DHS seeks contractor for biosurveillance program

The Homeland Security Department is advertising for a contractor that can provide a regular data feed on bioterrorism events and emerging disease outbreaks such as swine flu.

The Homeland Security Department is looking for a content aggregator that can put together an electronic data feed for regular updates on biosurveillance events, influenza outbreaks and other health incidents.

The project is being sponsored by the department's Office of Health Affairs’ National Bio-Surveillance Integration Center, which integrates health and disease information from food, agricultural, public health, environmental and intelligence sources. The center provides early warning of global disease outbreaks or possible bioterrorism attacks.
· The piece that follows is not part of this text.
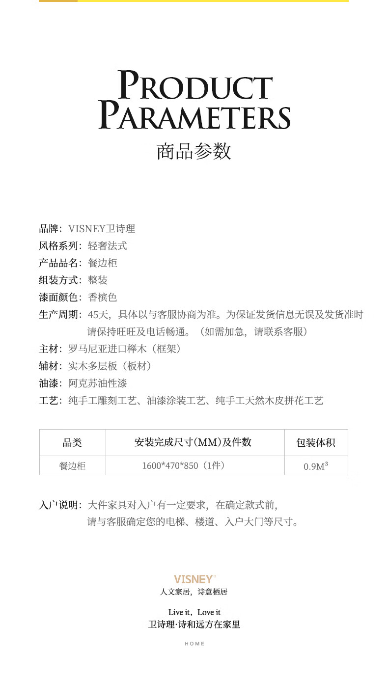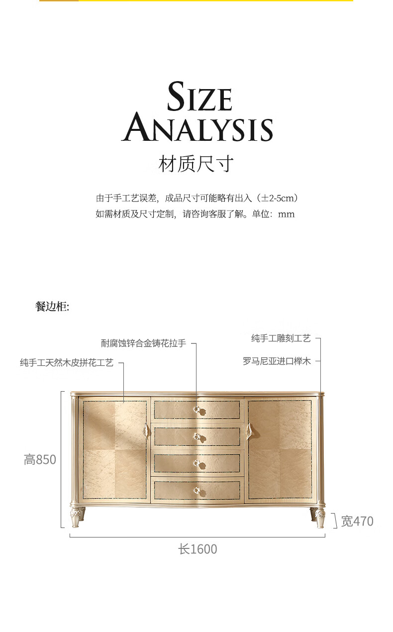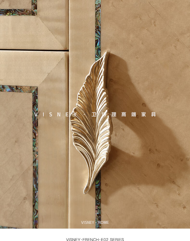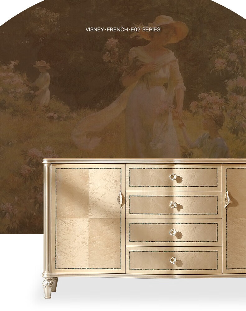卫诗理轻法式高端实木餐边柜欧式罗马尼亚榉木带抽屉储物柜E02 Patrick纯手工彩贝木皮拼花·装饰柜

The center intends to contract with a content aggregator service that provides a collated Really Simple Syndication data feed of health incident report information from public sources, according to a solicitation notice posted Sept. 23 on the Federal Business Opportunities Web site. The project is called the Biosurveillance Information Source Initiative.

The contractor shall provide a data-mining, analysis and reporting system that can provide near real-time information of worldwide disease events and disease threats based on verified information not available via a general Web search on search engines such as Google.

Proposals are due by Oct. 7.

The need for more effective biosurveillance to protect against terrorism has been a topic of interest to the House Homeland Security Committee. Chairman Bennie Thompson (D-Miss.) last year called for more attention to biosurveillance detection systems and planning.